Isabelle Erskine '25, president of the TST-BOCES Career Skills Club, leads a discussion with a group of TST-BOCES students with intellectual disabilities and their teachers on March 17 in Kennedy Hall.
Photo by Sreang Hok/Cornell University
Isabelle Erskine ’25, president of the TST-BOCES Career Skills Club, leads a discussion with a group of TST-BOCES students with intellectual disabilities and their teachers on March 17 in Kennedy Hall.

Emma Dodici never wanted to miss school on Mondays.

She was enrolled in the Career Skills at Cornell program for students with intellectual disabilities at Tompkins-Seneca-Tioga Board of Cooperative Educational Services (TST-BOCES), and she spent Monday mornings with a group of Cornell students who were her friends.

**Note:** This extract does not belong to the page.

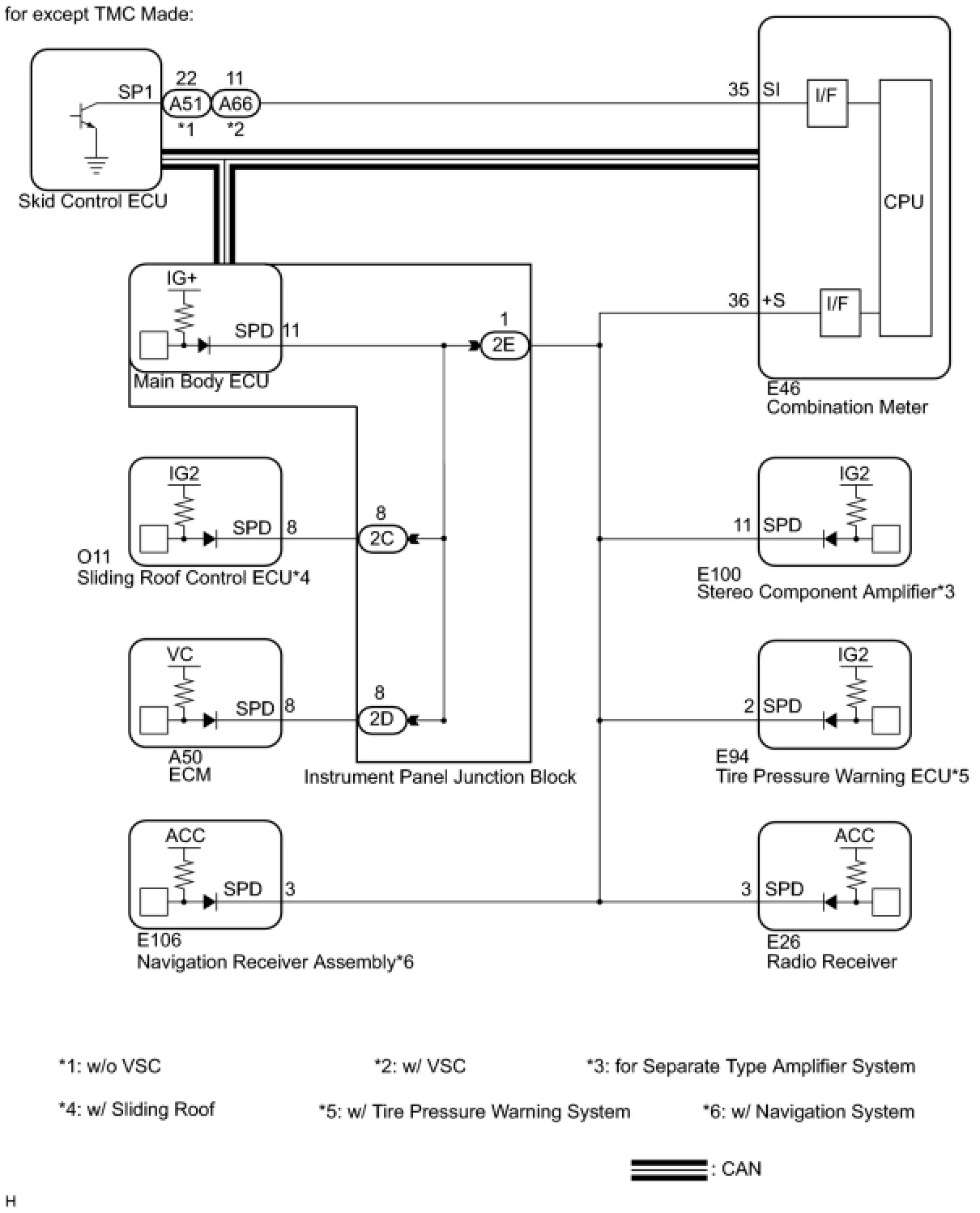 - A voltage of 12 V or 5 V is output from each ECU and then input to the combination meter. The signal is changed to a pulse signal at the transistor in the combination meter. Each ECU controls the respective system based on the pulse signal.

“If we had something going on on Mondays, she’d say: ‘No, that’s when we go to Cornell,’” said Beverly Dodici, Emma’s mother. “Having neurotypical peers who made her feel like she was a part of the community – it really built her confidence and self-esteem.”

Emma, who has Down syndrome, graduated from TST-BOCES last year and is living independently at Otsego Academy in Edmeston, New York. The Cornell students who befriended her are members of the TST-BOCES Career Skills club, a student-run group supported by the Einhorn Center for Community Engagement. The club helps TST-BOCES students with intellectual disabilities develop communication and life skills, and a sense of curiosity and confidence that helps them as they transition out of school.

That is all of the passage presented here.